The Underground Gourmet Quick Bite

Gui Lin Mi Fen Brings a Seldom-Seen Rice-Noodle Soup to Queens’ Chinatown

Gui Lin Mi Fen's Sour & Spicy
Gui Lin Mi Fen’s Sour & Spicy “Good Friends” noodle bowl. Photo: Kathryn Palmieri/New York Magazine

It’s a great time to be a noodle eater in New York. You have your pick of ramen, udon, or soba; you’ve got cold-skin, hand-pulled, and knife-peeled, not to mention arrowroot and mung-bean. And, in an unassuming shop on a crowded block in Flushing, Queens, you have mi fen, a traditional rice noodle from Guilin, a city in the Guangxi region of southern China. At Gui Lin Mi Fen, which opened this past winter, these rice noodles (springy, slick, and outsourced) are the core of a menu that includes a smattering of appetizers and some recently added skewers, which can’t compare to the smoky masterwork of the neighborhood’s street vendors. What distinguishes the noodles more than their inherent noodley-ness is the way they’re served — warm, in a bowl with cold toppings, alongside a smaller bowl of meat-bone broth.

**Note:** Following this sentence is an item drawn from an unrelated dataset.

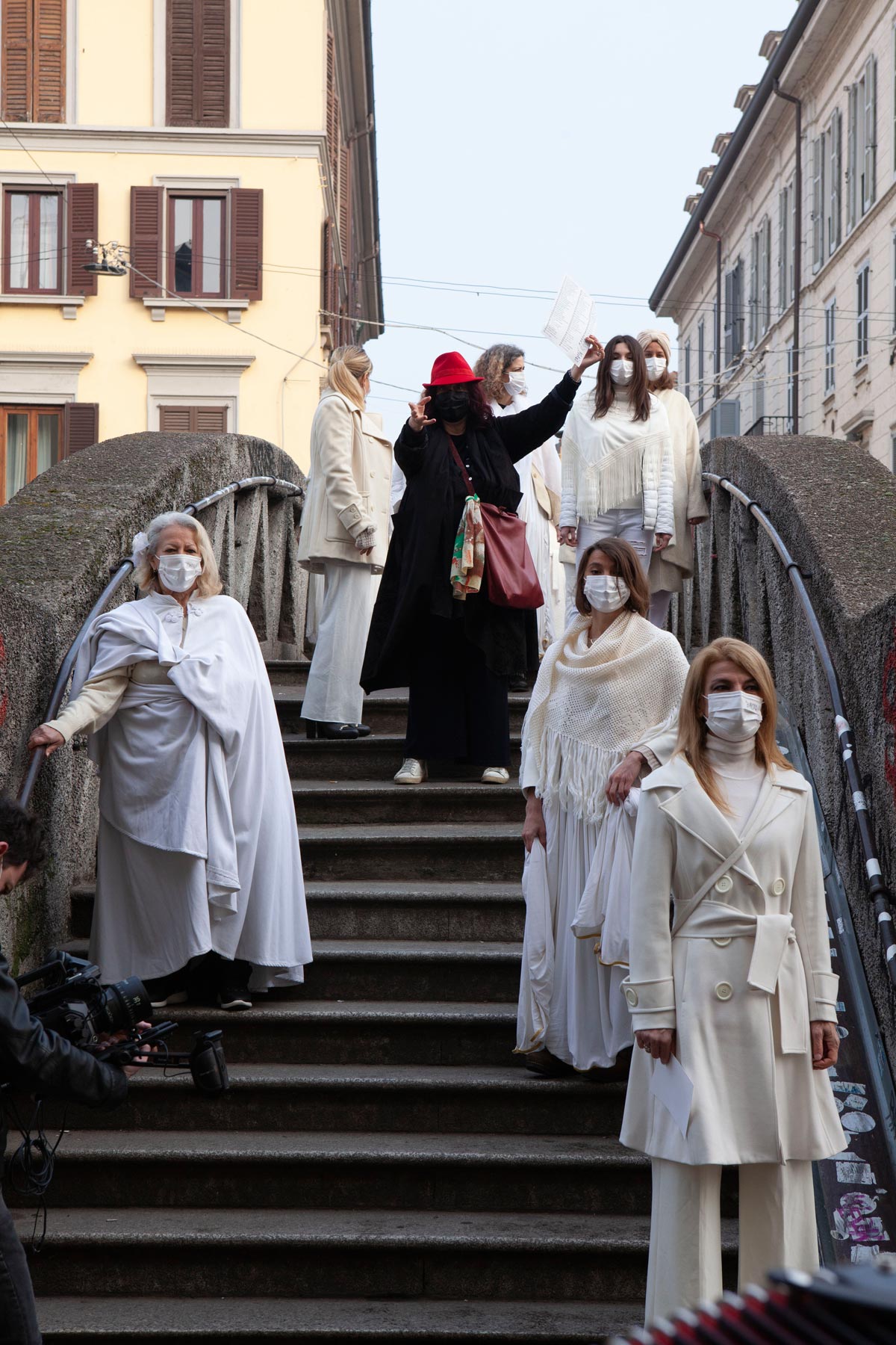 Lungo un percorso simbolico sui Navigli di Milano, che va dal “Ponte Alda Merini” a via Magolfa 32, sede della Casa delle Arti - Spazio Alda Merini, ventun diverse voci di donne (artiste, attrici, ex detenute, cittadine) hanno dato vita a una performance libera e “on the road”, declamando i versi della poesia creata da Andrea Bianconi attraverso 90 titoli di 90 poesie di Alda Merini scelte da Bianconi per celebrare i 90 della poetessa.

If you appear hesitant in your approach and stare blankly from one vessel to another, your server will instruct you to vigorously mix the contents of your noodle bowl, tapping the savory sauce on the bottom, and to slurp up some of these “dry” mi fen before pouring in the sidecar of soothing broth. But when it comes to Guilin mi fen, as with so much else in life, you can follow your own bliss: Alternate slurps of noodle and broth, or just save the broth until you’ve finished your noodles, then sip it like a digestif.

In its hometown, Guilin mi fen was traditionally topped with horse meat; in Flushing, equine is not an option. There is crispy pork, thin-sliced brisket, oxtail, and ham, among other toppings, but for the Underground Gourmet’s $7.25, the one to get is the Sour & Spicy “Good Friends” bowl, featuring strands of chile-slicked bamboo shoot, plus pickled green beans, roasted soy nuts, mushrooms, scallions, and cilantro, a compelling contrast of flavors and textures with just enough heat. If you require more, there’s a pot of chopped chiles on every table.

135-25 40th Rd., nr. Main St., Flushing; 718-939-2025

*This article appears in the September 7, 2015 issue of New York Magazine.